So in practice, while we are discussing the usage of the Stream interface for Series, I think effectively it would be for both DataFrame and Series (or would be there a reason to handle those differently? maybe for tabular data people generally expect more to work with streams, as in contrast to single columns/arrays?)

WillAyd commented 3 weeks ago

@jorisvandenbossche that's super cool - I did not realize Arrow created RecordBatches in that fashion. And that's zero-copy for the integral array in your example?

In that case then maybe we should export both the stream and array interfaces. I guess there's some ambiguity as a consumer if that is a zero-copy exchange or not, but maybe that doesn't matter (?)

WillAyd commented 3 weeks ago

Another consideration point is how we want to act as consumers of Arrow data, not just as a producer. If we push developers towards preferring stream data in this interface, the implication is that as a consumer we would need to prefer Arrow chunked array storage for our arrays.

I'm not sure that is a bad thing, but its different than where we are today

kylebarron commented 3 weeks ago

My general position is that PyCapsule Interface producers should not make it unintentionally easy to force memory copies. So if a pandas series could be either chunked or non-chunked, then only the C Stream interface should be implemented. Otherwise, implementing the C Array interface as well could allow consumers to unknowingly cause pandas to concatenate a series into an array.

IMO, the C Array interface should only be implemented if a pandas Series always stores a contiguous array under the hood. It's easy for consumers of a C stream to see if the stream only holds a single array (assuming the consumer materializes the full stream)

jorisvandenbossche commented 3 weeks ago

And that's zero-copy for the integral array in your example?

AFAIK yes

the implication is that as a consumer we would need to prefer Arrow chunked array storage for our arrays.

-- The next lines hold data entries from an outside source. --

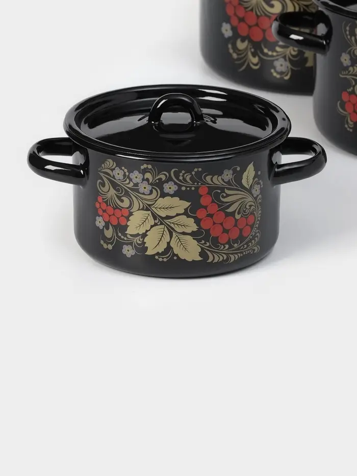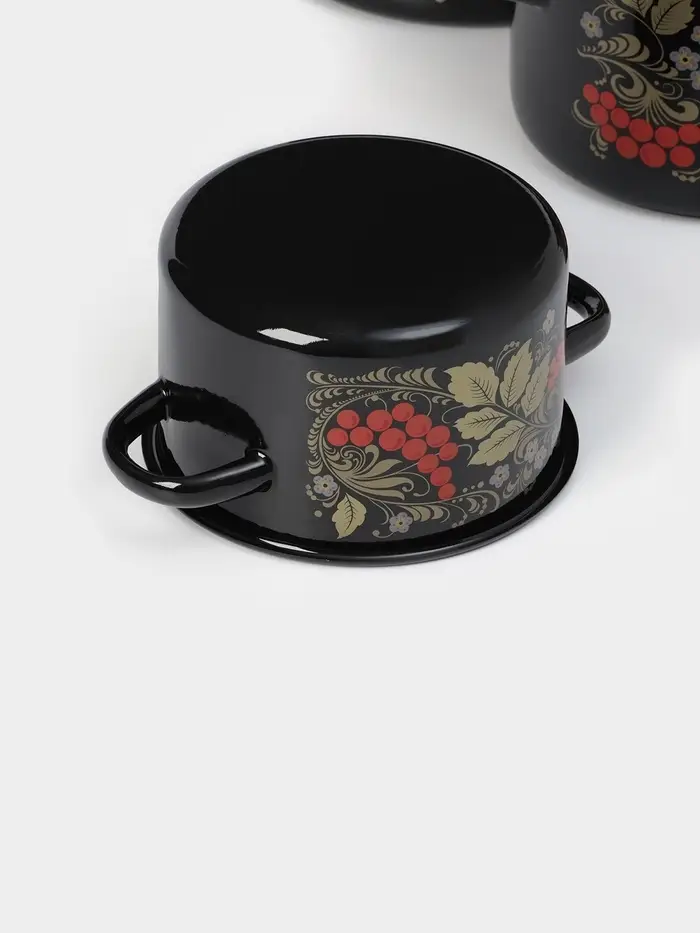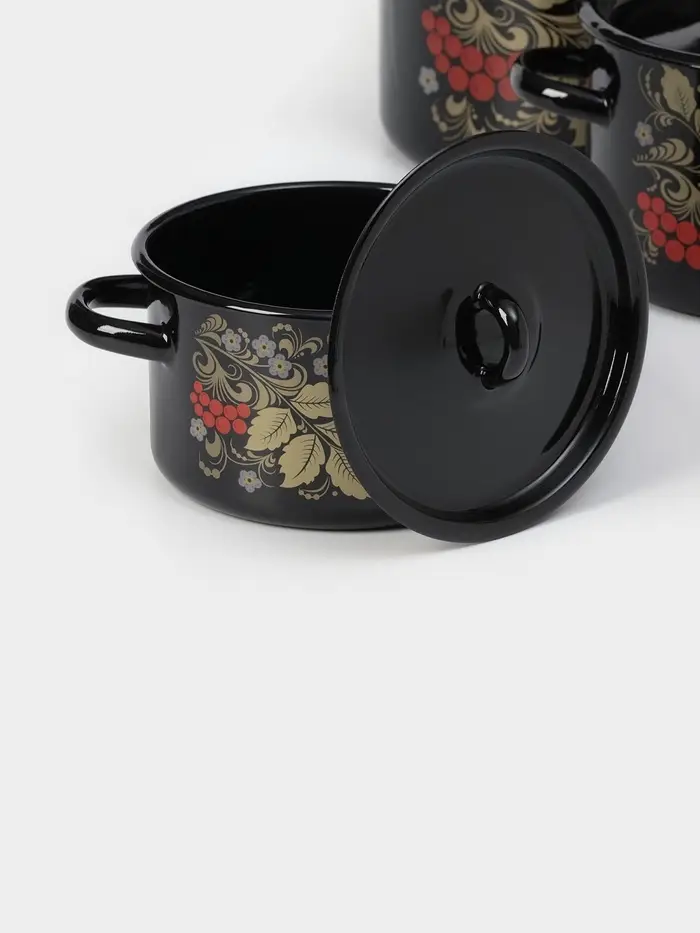 Набор кастрюль эмалированных «Рябина», 3 предмета: 1.5 л, 2.9 л, 4.5 л, чёрный
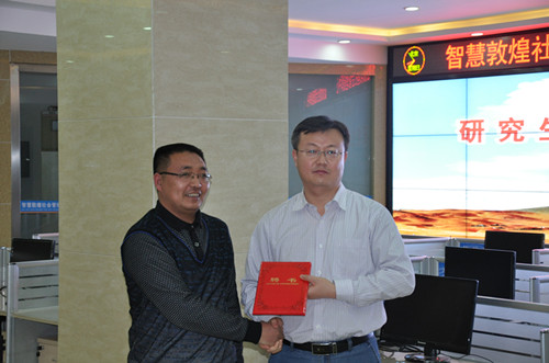 12月7日晚,北京第二外国语学院、2018太阳集团网站古天乐2018太阳集团网站古天乐研究生产学研基地授牌仪式暨联合实践教学课堂活动在敦煌市社会管理中心举行。北京第二外国语学院副校长倪志恒教授,敦煌市委常委、政法委书记孙晓强,北京第二外国语学院研究生处副处长谢琼副教授、MTA/MBA教育中心副主任付刚业副教授,敦煌市阳关博物馆馆长纪永元,2018太阳集团网站古天乐2018太阳集团网站古天乐副院长梁旺兵教授、实验中心主任王耀斌副教授等出席了会议。北京第二外国语学院、2018太阳集团网站古天乐2018太阳集团网站古天乐的部分教师、研究生,敦煌市旅游局的全体工作人员、敦煌市阳关博物馆的部分工作人员及新闻媒体记者共80余人参加了会议。会议由敦煌旅游局副局长刘玲主持。
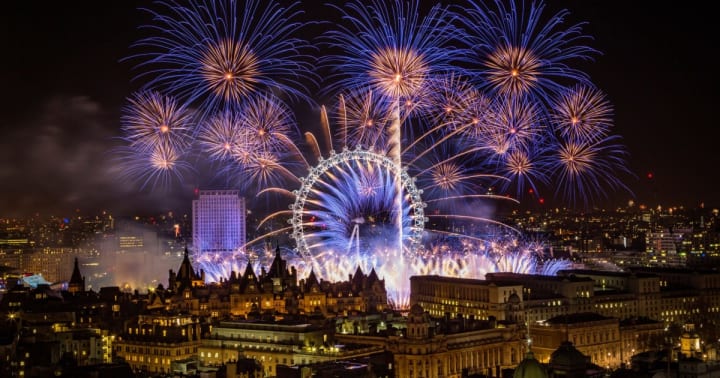 The New Year is welcomed in the capital, London by the chimes of Big Ben. The clock strikes thirteen times as the New Year comes at midnight. London celebrations are broadcast by the BBC and fireworks are set off above the London Eye.
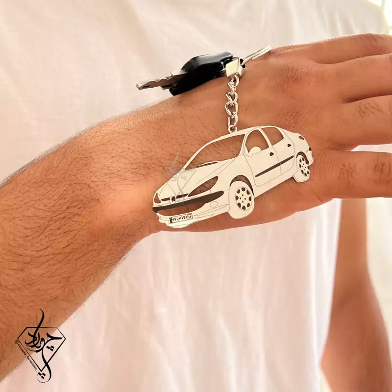 جاکلیدی استیل طرح ماشین با ماشین و پلاک دلخواه
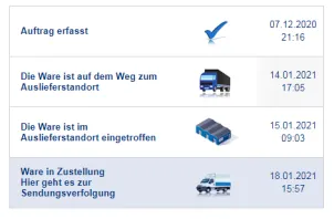Dann sehr Ihr zumindest (hoffentlich) Euren Auftrag mit Status und Infos zur Lieferung:
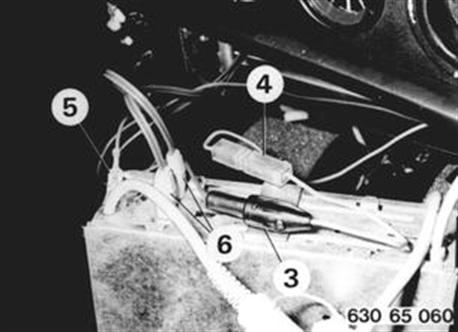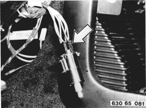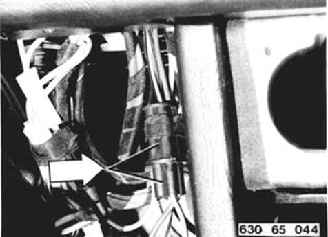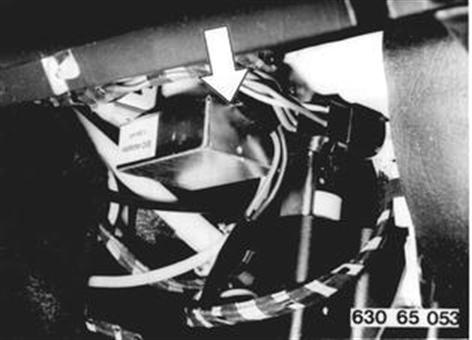 Stereo Radio/CR einbauen: Bavaria-CR: Handschuhkasten öffnen. Elektron. Störaustastung mit Stoßschalter zusammen befestigen. Kabel zum Radio-Einbauplatz verlegen. Störaustastung nach unten biegen, damit Klappern vermieden wird. |  |

That's already the case for dtypes backed by pyarrow, I think. If you read a large parquet file, pyarrow will read that into a table with chunks, and converting that to pandas using a pyarrow-backed dtype for one of the columns will preserve that chunking.

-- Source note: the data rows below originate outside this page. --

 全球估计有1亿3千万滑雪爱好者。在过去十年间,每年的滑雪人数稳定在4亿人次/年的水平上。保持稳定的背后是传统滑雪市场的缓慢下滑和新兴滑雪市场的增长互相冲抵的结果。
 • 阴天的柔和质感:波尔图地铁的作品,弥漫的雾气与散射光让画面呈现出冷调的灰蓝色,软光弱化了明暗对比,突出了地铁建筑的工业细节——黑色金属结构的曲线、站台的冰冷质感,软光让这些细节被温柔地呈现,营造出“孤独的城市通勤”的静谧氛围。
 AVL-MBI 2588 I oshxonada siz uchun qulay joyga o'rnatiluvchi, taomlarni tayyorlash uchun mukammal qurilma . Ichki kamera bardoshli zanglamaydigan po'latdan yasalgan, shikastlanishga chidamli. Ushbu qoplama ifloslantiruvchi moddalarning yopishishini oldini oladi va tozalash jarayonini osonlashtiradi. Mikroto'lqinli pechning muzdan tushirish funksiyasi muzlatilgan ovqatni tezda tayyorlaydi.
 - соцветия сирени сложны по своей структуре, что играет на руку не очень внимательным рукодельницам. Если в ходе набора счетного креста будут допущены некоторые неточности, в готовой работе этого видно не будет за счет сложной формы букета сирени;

WillAyd commented 3 weeks ago

My general position is that PyCapsule Interface producers should not make it unintentionally easy to force memory copies. So if a pandas series could be either chunked or non-chunked, then only the C Stream interface should be implemented.

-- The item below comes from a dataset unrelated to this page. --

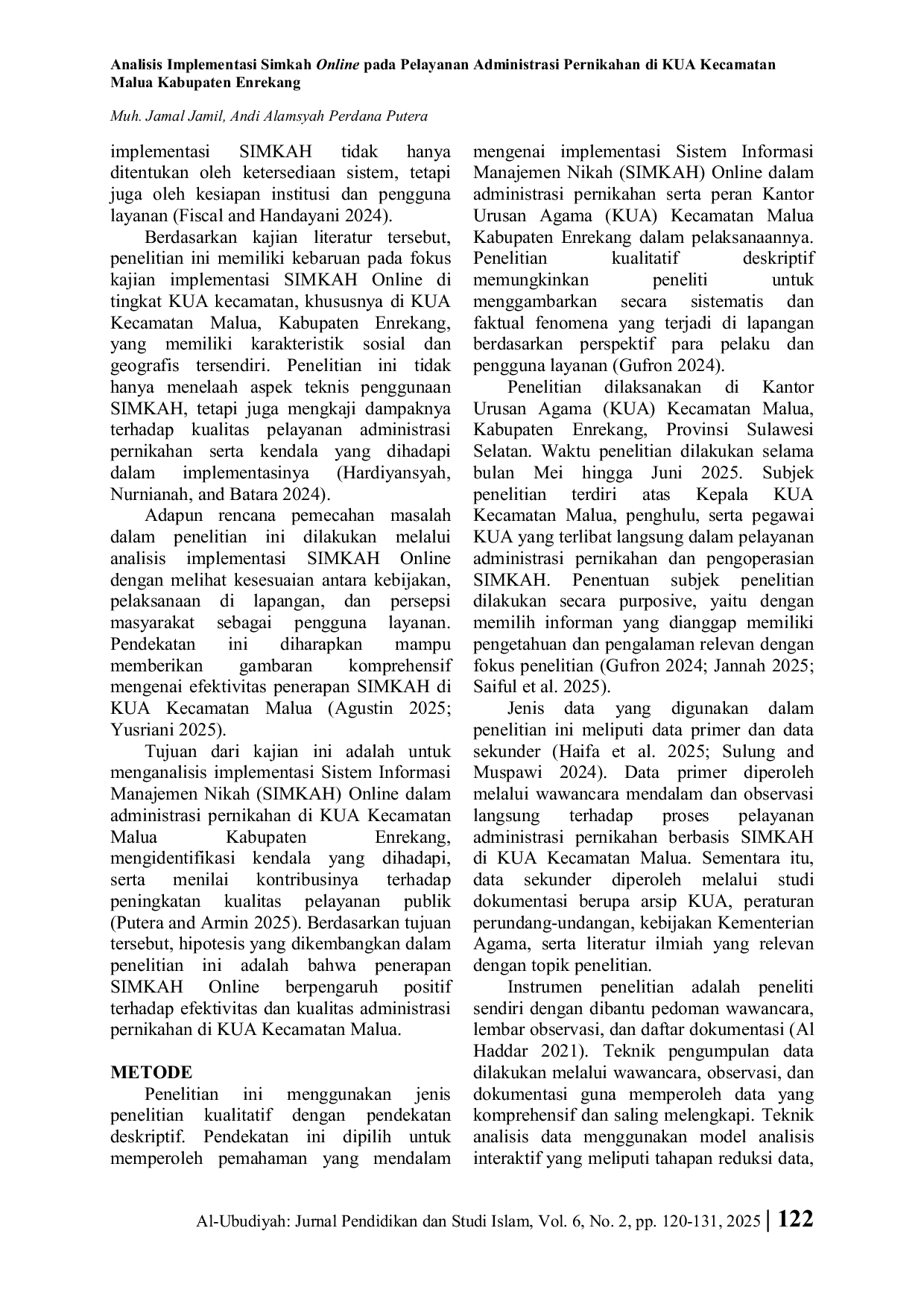 Al-Ubudiyah: Jurnal Pendidikan dan Studi IslamAl-Ubudiyah: Jurnal Pendidikan dan Studi IslamPenelitian ini bertujuan untuk menganalisis implementasi Sistem Informasi Manajemen Nikah (SIMKAH) Online dalam administrasi pernikahan di Kantor Urusan Agama (KUA) Kecamatan Malua Kabupaten Enrekang. Permasalahan penelitian difokuskan pada bagaimana peran KUA dalam mengimplementasikan SIMKAH serta faktor-faktor yang menghambat pelaksanaannya. Metode penelitian yang digunakan adalah metode kualitatif dengan pendekatan deskriptif, di mana data diperoleh melalui wawancara, observasi, dan dokumentasi. Hasil penelitian menunjukkan bahwa implementasi SIMKAH di KUA Kecamatan Malua pada dasarnya telah berjalan dan cukup efektif dalam meningkatkan tertib administrasi pernikahan serta kualitas pelayanan publik. SIMKAH memberikan kemudahan dalam proses pendaftaran, pencatatan, pengelolaan, dan penyimpanan data pernikahan dibandingkan sistem manual. Namun demikian, pelaksanaan SIMKAH masih menghadapi beberapa kendala, antara lain keterbatasan sarana dan prasarana, kurangnya sumber daya manusia yang menguasai teknologi informasi, minimnya sosialisasi kepada masyarakat, serta kendala teknis berupa ketidakstabilan jaringan internet dan gangguan sistem dari server pusat. Berdasarkan temuan tersebut, dapat disimpulkan bahwa implementasi SIMKAH di KUA Kecamatan Malua telah memberikan dampak positif, tetapi masih memerlukan penguatan dari aspek infrastruktur, peningkatan kapasitas sumber daya manusia, serta dukungan dan kesadaran masyarakat agar pelayanan administrasi pernikahan berbasis teknologi informasi dapat berjalan secara optimal dan berkelanjutan.

Thanks, this is good input. I'm bought in!

If you read a large parquet file, pyarrow will read that into a table with chunks, and converting that to pandas using a pyarrow-backed dtype for one of the columns will preserve that chunking.

Cool! I don't think I voiced it well, but my major concern is around our usage of NumPy by default. For the I/O operation you described, I think the dtype_mapper will in many cases still end up copying that chunked data into a single array to fit into the NumPy view of the world.

Not trying to solve that here, but I think with I/O methods there is some control over how you want that conversion to happen. With this interface, I don't think we get that control? So if we produced data from a NumPy array, sent it to a consumer that then wants to send back new data for us to consume, wouldn't we be automatically going from NumPy to Arrow-backed?

jorisvandenbossche commented 3 weeks ago

So if we produced data from a NumPy array, sent it to a consumer that then wants to send back new data for us to consume, wouldn't we be automatically going from NumPy to Arrow-backed?

We don't yet have the consumption part in pandas (I am planning to look into that in the near future, but let that not stop anyone to already do that), but if we have a method to generally convert Arrow data to a pandas DataFrame, that in theory could have a similar keyword as other IO methods to determine which dtypes to use.

WillAyd commented 3 weeks ago

Makes sense. So for where we are on main now I think we just need to make it so that the implementation doesn't always copy (?)

jorisvandenbossche commented 3 weeks ago

Yes, and fix requested_schema handling